- Chyhyryn campaign: Part of the right-bank campaign (1674), Russo-Turkish War and the Ruin
| Date | 23 July – 9 August 1674 |
| Location | Chyhyryn, right-bank Ukraine |
| Result | Ottoman–Tatar–Cossack victory |

Belligerents
- Ottoman Empire Crimean Khanate Right-Bank Hetmanate: Tsardom of Russia Left-Bank Hetmanate Kabardia (East Circassia)

Commanders and leaders
- Kara Mustafa Pasha Dżambet Garej Petro Doroshenko: Grigory Romodanovsky Ivan Samoylovych

Strength
- 30,000–40,000 7,500: 11,463 15,000–20,000

= Chyhyryn campaign (1674) =

1674 Russian-Cossack siege

The Chyhyryn campaign or Chigirin campaign was an unsuccessful siege conducted by the Russian-Cossack forces in order to oust Petro Doroshenko from power, along with Ottoman–Crimean forces on his side.

== Prelude ==

On June 9, Doroshenko attempted to ambush the Cossack-Russian forces during their campaign. However, Doroshenko's Cossack–Tatar detachment was defeated and he fled to Chyhyryn. Doroshenko was now at risk of being decisively defeated and captured in his fortress, so he had to ask Mehmed IV for military support, but Ottoman army could only arrive later. On July 20, Russian-Cossack forces crossed the Dnieper and headed for Chyhyryn. Sultan was informed of this and forced to divert his forces from operations in Poland to assist Doroshenko.

== Campaign ==

On July 23, Russian–Cossack forces besieged Chyhyryn. Doroshenko attempted counterattack, which was unsuccessful. However, the Russian army was in poor shape, only 11,463 Russian troops were combat-ready. There were 15,000-20,000 left-bank Cossacks.

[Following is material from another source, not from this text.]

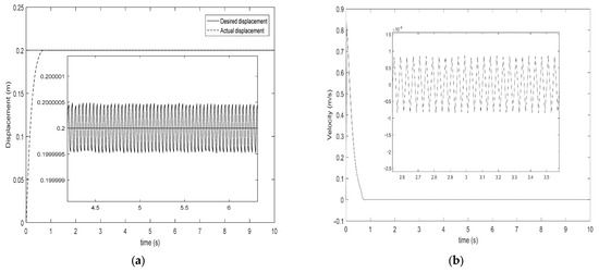 Giving a step signal, we used the SMC algorithm based on the exponential reaching law and the SMC algorithm based on the adaptive reaching law to simulate the piston displacement trajectory and piston velocity trajectory. It can be seen from Figure 9 that the SMC algorithm based on the exponential reaching law can make the piston reach a given position, but there is buffeting, the piston displacement buffeting range is ±0.0005 mm, and the piston velocity buffeting is ±0.0001 m/s. It can be seen from Figure 10 that the chattering range generated by the SMC algorithm based on the adaptive reaching law makes the piston reach the given position at ±0.0002 mm, compared with the SMC algorithm based on the exponential reaching law, where the chattering is only two-fifths of that when using the exponential reaching law, and the piston velocity buffeting is ±0.00003 m/s, only three-tenths of the velocity buffeting in Figure 9. The convergence velocity of the adaptive reaching law is faster than that of the traditional exponential reaching law. In addition, when the piston reaches the sliding mode surface, the buffeting of the system can be adaptively adjusted according to the system state variables, and finally converges to the equilibrium point of the electro-hydraulic position servo system. It can be seen that the SMC algorithm using the adaptive reaching law can obviously weaken the chattering problem caused by the SMC algorithm using the traditional exponential reaching law, the chattering of the piston displacement and velocity is obviously reduced, and the system still has a good tracking.

On July 26, Russian troops shelled Chyhyryn. However, there was a lack of large-caliber artillery so it wasn't possible to demolish the fortress. Grigory Romodanovsky chose to blockade the fortress as an alternative. On July 28, Doroshenko was sent an offer to capitulate, which he rejected. On July 29-30, Ottoman army headed to Uman.

During August 7-9, Ottoman forces fought with Ladyzhyn garrison, which eventually came under Ottoman control and the settlement was sacked. Russian-Cossack forces learnt about the approach of main Ottoman army, so they were forced to abandon their plans and retreat.

== Aftermath ==

The Ottoman-led army forced the Russian–Cossack forces to lift the siege of Chyhyryn with their actions. On August 12, main Cossack-Russian forces retreated to Cherkasy. On August 14, Cossack–Tatar forces pursued them there, but didn't make large-scale assaults and withdrew the same day. On August 25, Ottoman-Crimean army captured Uman. However, on August 29, Ottoman-Crimean forces made a decision not to make further advances. Ottoman-Crimean army ravaged settlements on the way back.